The Federal Courts of Appeals have issued the following FAA opinions in recent days:
1) Aviles v. Russell Stover Candies, No. 12-11227 (5th Cir. Apr. 4, 2014) (click here for a copy of the decision) – As a result of the arbitration agreement’s broad delegation clause and the Supreme Court’s Rent-A-Center decision, an arbitrator, not a court, must decide whether the arbitration agreement is illusory because the employer may unilaterally modify the agreement.
2) Russell v. Citigroup, No. 13-5994 (6th Cir. Apr. 4, 2014) (click here for a copy of the decision) – Because the arbitration agreement used the present tense and covered disputes that “arise” between the employee and employer (as opposed to “arose” or “have arisen”), the arbitration clause governs only disputes that begin in the present or future.

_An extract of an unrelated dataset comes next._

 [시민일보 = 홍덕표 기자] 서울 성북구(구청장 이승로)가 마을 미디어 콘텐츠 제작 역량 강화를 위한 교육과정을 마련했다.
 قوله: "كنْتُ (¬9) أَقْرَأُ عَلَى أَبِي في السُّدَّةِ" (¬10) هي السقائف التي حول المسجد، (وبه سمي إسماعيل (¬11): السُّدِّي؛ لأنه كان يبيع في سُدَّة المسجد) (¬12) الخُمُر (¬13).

As a result, the arbitration agreement did not cover lawsuits that had already been pending before the arbitration agreement was signed.
3) Ball v. Stylecraft Homes, No. 13-1946 (4th Cir. Apr. 3, 2014) (click here for a copy of the decision) – lower court properly dismissed motion to vacate an arbitration award because of lack of federal subject matter jurisdiction.

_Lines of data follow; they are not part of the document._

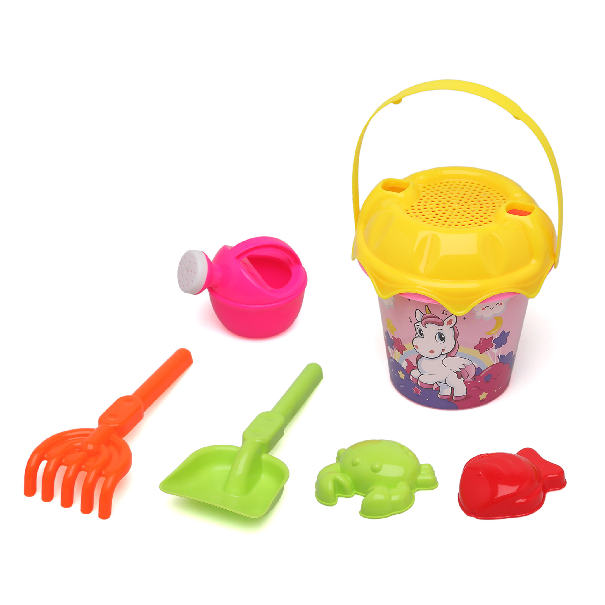 Strand/zandbak set – 3-delig – zandkasteel emmer/schep/hark
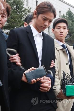성관계 동영상을 불법적으로 촬영·유통한 혐의를 받는 가수 정준영이 21일 서울중앙지법에서 열린 구속 전 피의자 심문(영장실질심사)을 마치고 법정 밖으로 나서고 있다. /연합뉴스
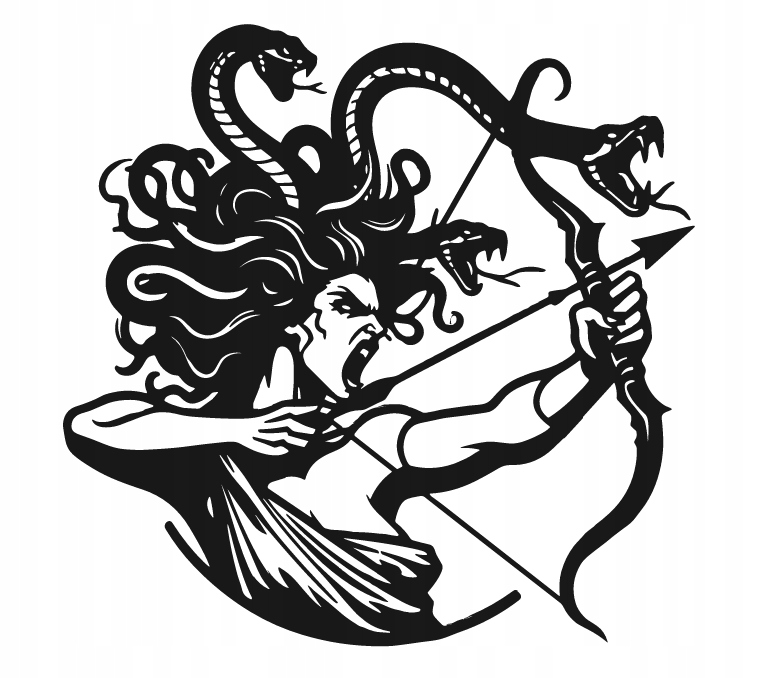 Dekoracja przedstawia postać kobiety o twarzy pełnej gniewu i determinacji, która napina łuk, celując strzałą w przeciwnika. Jej włosy zastąpione są wijącymi się jadowitymi wężami, co jednoznacznie wskazuje na inspirację mitologiczną postacią Meduzy.
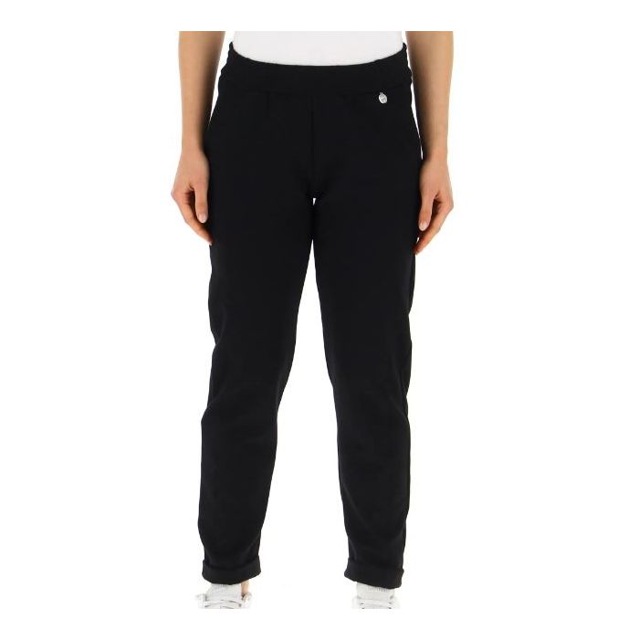 Pantalone in misto viscosa con fascia in vita elasticizzata, fondo gamba con risvolto cucito, due tasche frontali e due finte tasche sul retro con etichetta logo, interno garzato liscio
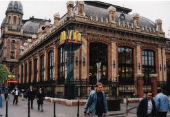 | 昨年(1999年)にブダペストへ行く機会があった。たまたまガイドブックを見ていると、西駅に「世界一美しいマクドナルドがあることで有名」という文字が目に飛び込んできた。駅舎と一体となったデザインで(因みにこの駅舎はエッフェル塔を設計した会社が3年かけて建設したそうな)、レンガ化粧が施され、おそらく以前は駅関連のオフィスなどに利用されていたのであろう。内部は天井が高く、そのため天井から吊す照明はシャンデリア風となり、床からの照明燈もあって、明るく落ち着いた雰囲気がある。中地下にカウンターがあり、中2階と1階が飲食空間になっている。通常のマック仕様では空間に負けてしまうので、そのような質にせざるを得なかったのであろう。 | ![]() |

4) Wetzel’s Pretzels, LLC v. Johnson, No. 12-56716 (9th Cir. Apr. 3, 2014) (click here for a copy of the decision) – affirming denial of motion to vacate an arbitration award. The arbitrator’s award in connection with a franchise dispute was not “completely irrational” or in “manifest disregard of the law” because the arbitrator’s award merely enforced the terms of the franchise agreement.